When meeting someone new online, nothing kills the mood faster than someone who’s insisting that they don’t even want to be there in the first place. So if you’re the type who likes to harp on and on about how ambivalent or reluctant you are about dating apps, here’s a tip: just don’t.
Choose the right dating app.
Back in the days of dating websites, it’s a bit harder to sift through thousands of potential partners. These days, however, there are dozens of different apps available for you to take advantage of – each one as unique as the next.
There are dating apps that are designed for long-term relationships, while some are more notorious for hookups. There’s also one for every preference – whether you’re straight or a member of the LGBT. Apps for polygamists, mature couples and open relationships exist, too.
Finding the right person in a sea of single people online is indeed challenging. But once you’re on the right dating platform, you’re already one step ahead. If you really want to be specific, here’s a top-secret tip: you can do a Tinder search for a specific person you’re interested in, because hey, sometimes even destiny needs a little nudge!
Keep your bio short and sweet.
When it comes to your bio, there are three main things you have to remember: honesty, sincerity, and vulnerability. Don’t obsess too much about what to put in there. It’s a dating app, not a resume.
Of course, it’s always important, to be honest. If you have kids, be open about it. If you’re not looking for anything serious, say so. Remember: the sooner you can weed out incompatible matches, the better.
Also, a short and sweet bio will suffice. You don’t have to list every single quality you have, but of course, try to be as creative as you can. Sometimes, it’s less about what’s written in your bio and more about how it’s written.

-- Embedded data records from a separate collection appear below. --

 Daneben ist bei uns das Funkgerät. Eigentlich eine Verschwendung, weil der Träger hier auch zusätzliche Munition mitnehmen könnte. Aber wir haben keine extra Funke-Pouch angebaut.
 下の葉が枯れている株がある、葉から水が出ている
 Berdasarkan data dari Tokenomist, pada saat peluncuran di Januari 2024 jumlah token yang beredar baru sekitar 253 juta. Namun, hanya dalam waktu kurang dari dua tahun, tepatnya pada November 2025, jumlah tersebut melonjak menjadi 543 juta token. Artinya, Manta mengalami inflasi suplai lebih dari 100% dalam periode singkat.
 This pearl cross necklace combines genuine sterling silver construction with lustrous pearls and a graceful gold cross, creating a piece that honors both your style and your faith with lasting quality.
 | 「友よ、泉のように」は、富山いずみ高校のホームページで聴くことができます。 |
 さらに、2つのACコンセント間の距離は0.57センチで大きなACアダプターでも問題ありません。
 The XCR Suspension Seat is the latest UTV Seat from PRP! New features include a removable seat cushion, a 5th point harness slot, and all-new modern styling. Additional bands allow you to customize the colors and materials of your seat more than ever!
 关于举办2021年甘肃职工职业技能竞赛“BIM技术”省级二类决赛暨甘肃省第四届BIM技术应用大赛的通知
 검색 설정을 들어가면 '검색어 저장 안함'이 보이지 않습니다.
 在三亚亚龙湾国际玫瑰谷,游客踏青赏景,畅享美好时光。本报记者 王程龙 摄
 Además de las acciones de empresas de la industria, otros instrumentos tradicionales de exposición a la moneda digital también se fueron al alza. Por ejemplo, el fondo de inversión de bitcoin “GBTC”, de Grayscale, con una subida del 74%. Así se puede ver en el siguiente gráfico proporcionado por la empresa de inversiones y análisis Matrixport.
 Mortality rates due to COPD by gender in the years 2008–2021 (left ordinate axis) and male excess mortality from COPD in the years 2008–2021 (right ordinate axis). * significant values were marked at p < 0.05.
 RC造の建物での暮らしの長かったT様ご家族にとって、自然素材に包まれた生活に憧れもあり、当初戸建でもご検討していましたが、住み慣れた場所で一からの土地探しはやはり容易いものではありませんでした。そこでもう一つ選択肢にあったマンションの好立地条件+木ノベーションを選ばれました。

If you sound sincere and welcoming, you’re on the right track.
Don’t take things personally.
Dating online means you’re going to meet different people. Some will work out, most won’t – that’s just the way it is.
That said, you have to learn to not take things personally. Don’t take someone’s disinterest or apathy as a personal rejection. A failed date isn’t a real failure. It only means the person involved is not a good fit.
There you go, four dating tips that will bring you closer to relationship success. Happy swiping!